What makes this journal worth targeting
- IF 88.5 puts The Lancet in a visible tier — citations from papers here carry real weight.
- Scope specificity matters more than impact factor for most manuscript decisions.
- Acceptance rate of ~<5% means fit determines most outcomes.
When to look elsewhere
- When your paper sits at the edge of the journal's stated scope — borderline fit rarely improves after submission.

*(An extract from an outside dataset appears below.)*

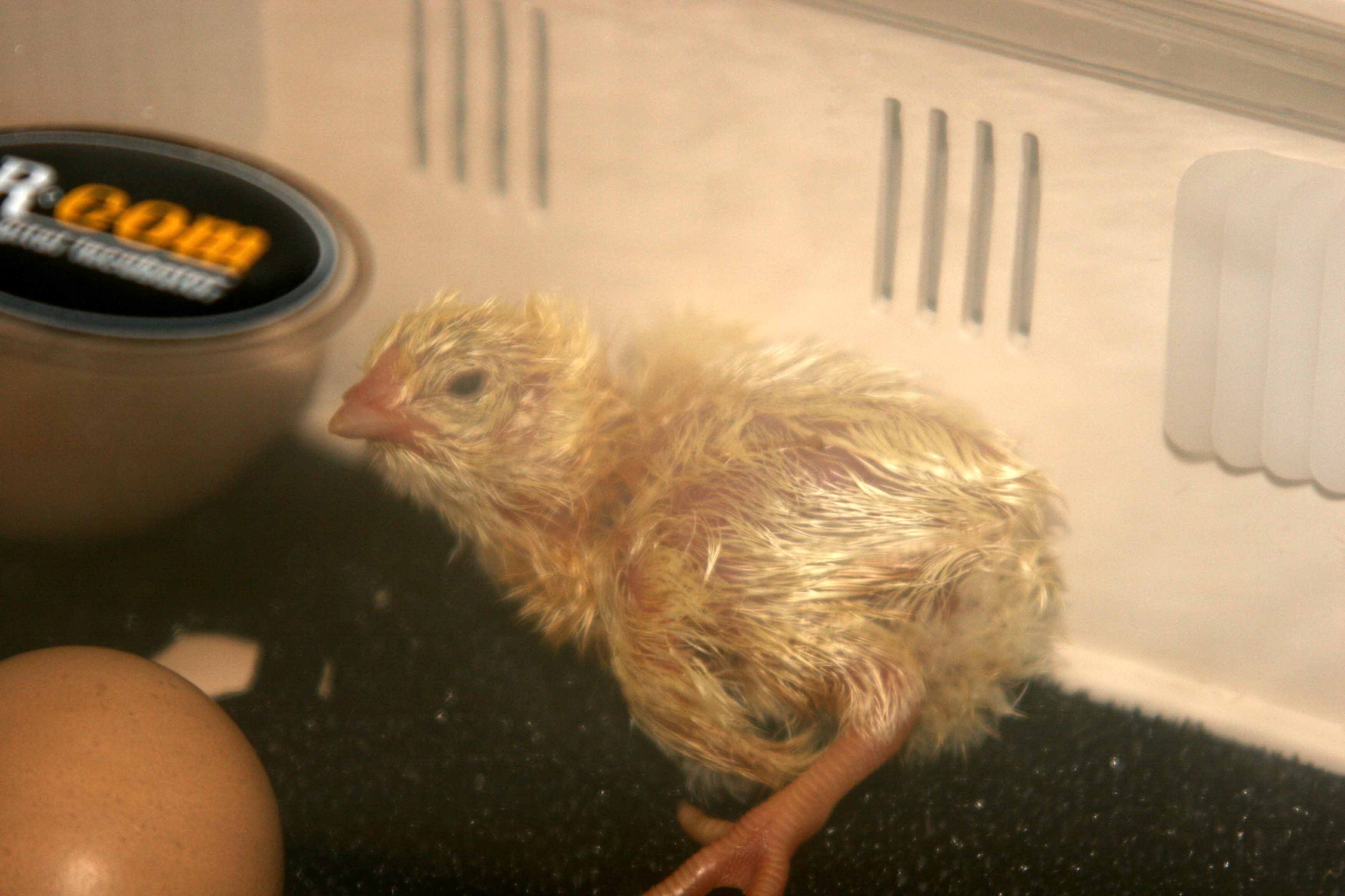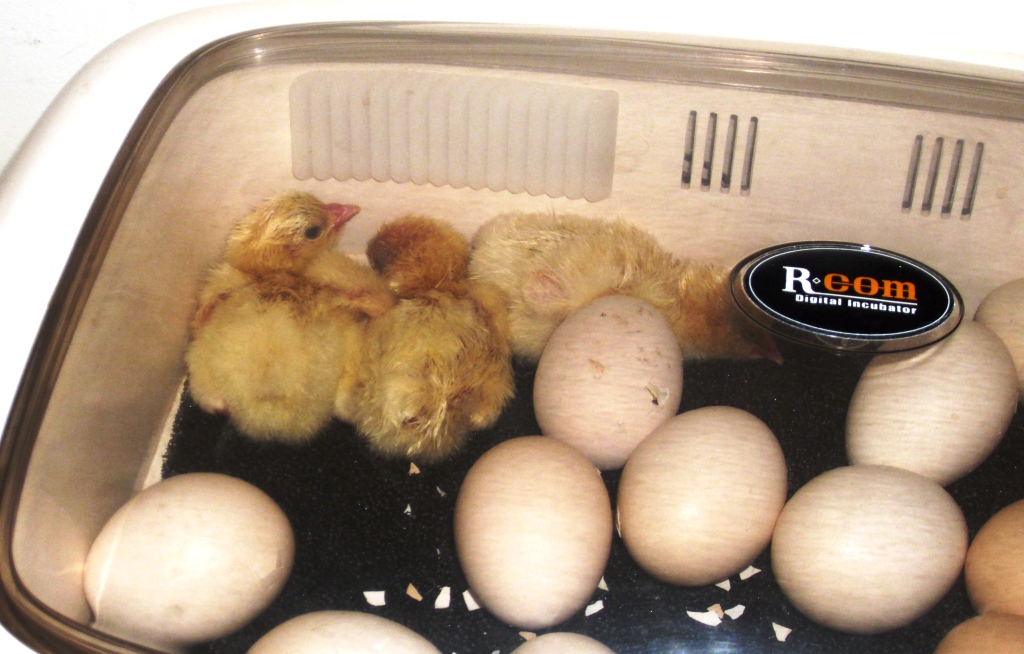 We’re hatching a clutch of duck eggs for a friend at the allotments. When we last checked, 8 out of the original 11 were still viable. The first surprise came yesterday afternoon, when the three-day hatching phase commenced. A couple of eggs had already started to pip, 48 hours earlier than we would have expected. You can see the first little chips in the shells as the ducklings start to hatch.

- If timeline matters: The Lancet takes ~21-28 days. A faster-turnaround journal may suit a grant or job deadline better.
- If open access is required by your funder, verify the journal's OA agreements before submitting.
The Lancet vs Blood at a glance
Use the table to see where the journals diverge before you read the longer comparison. The right choice usually comes down to scope, editorial filter, and the kind of paper you actually have.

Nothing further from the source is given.